Like I said I'm just about to snap and call it quits because I just don't feel like I'm in relationship with someone that's on my side. Shouldn't a girlfriend be supportive of their boyfriend while he's looking for work, and not questioning whether or not I'm sleeping all day and goofing off? Granted I'm not looking for work 8 hours a day, but who sits there and says that to someone who applied for an hourly job at Target and got rejected lol? On her days off I get it thrown in my face that I'm not looking for jobs because I want to spend time with her and get out of the house since I really don't the other 5 days. I just feel like I'm getting belittled by an ******* who has issues. Like tonight, I cook dinner and she can't help because she's looking at something online. When she finally does come she starts cutting something on a cutting board where I had just cut raw chicken. She then proceeds to get angry with me because she wanted more tomato's, I said "cut some more up then," and she decided to use the knife and cutting board where I just cut the raw chicken.
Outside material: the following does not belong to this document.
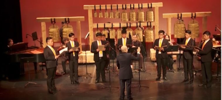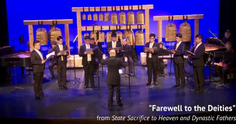 “礼乐”是中国古代音乐最为重要的音乐制度之一,在《怀古》音乐会中我们也可以发现,除音乐音响结构本身具备的“起承转合”特征,以及所带来的历史气息之外,音乐会本身的结构同样具有一种怀古的“礼制”特征。音乐会以《神人畅》为序,以《迎神》为正曲开篇、《送神》收尾,中间伴有声乐表演。历史记载中的西周礼乐仪式流程为:金奏(序)、正乐(升歌-下管-间歌-合乐)、歌彻,这与本场音乐会的结构模式十分相似。另外,对于“器”的使用,则是怀古礼制的另一个体现。本场音乐会中除三首艺术歌曲外,作为核心乐器的复原宋代大晟新钟几乎贯穿始终,编钟是中国古代宫廷音乐的代表,除乐器之外,它还作为礼器,象征着严格的礼乐等级制度。与编钟一同出现的男声合唱(暗比登歌),即是当代视域下对周代乐悬制新的阐释。

For the love of God the fat that I had cut off the chicken was sitting on the cutting board and I get blamed for not telling her!

 

The best part of all this bs and I'll end this post which is dragging out now. So after all is said and done I'm picking up the newspaper and magazines she left on the couch and she complains that I am always picking up her things and moving them to random places... I put the ****ing newspaper on the table, where we always leave it, so she goes and grabs my pretzels and hides them :confused: I mean really, they are hidden somewhere in the house right now. Granted I move her ****, but it's always where it needs to be. Clothes on the floor get put in the hamper, paper on the floor gets put in a pile or in the garbage, jewelery laying around the house gets put in a box. So after she hides my food, she says "I don't think you like me anymore." :confused: This is a few hours after she tells me I'm not really looking for work which makes me feel like ****, gets upset that I didn't specifically tell her not to cut something on the cutting board with raw chicken fat on it, and hides my food. Oh I also spent 30 minutes helping her fix her virus infected computer right before all this, so I'm really feeling great when someone says "I don't think you like me anymore," and slams the bedroom door behind her. I really don't think I can keep this up much longer it's just really getting to be a bad sitution, any comments, questions, thoughts would really help out.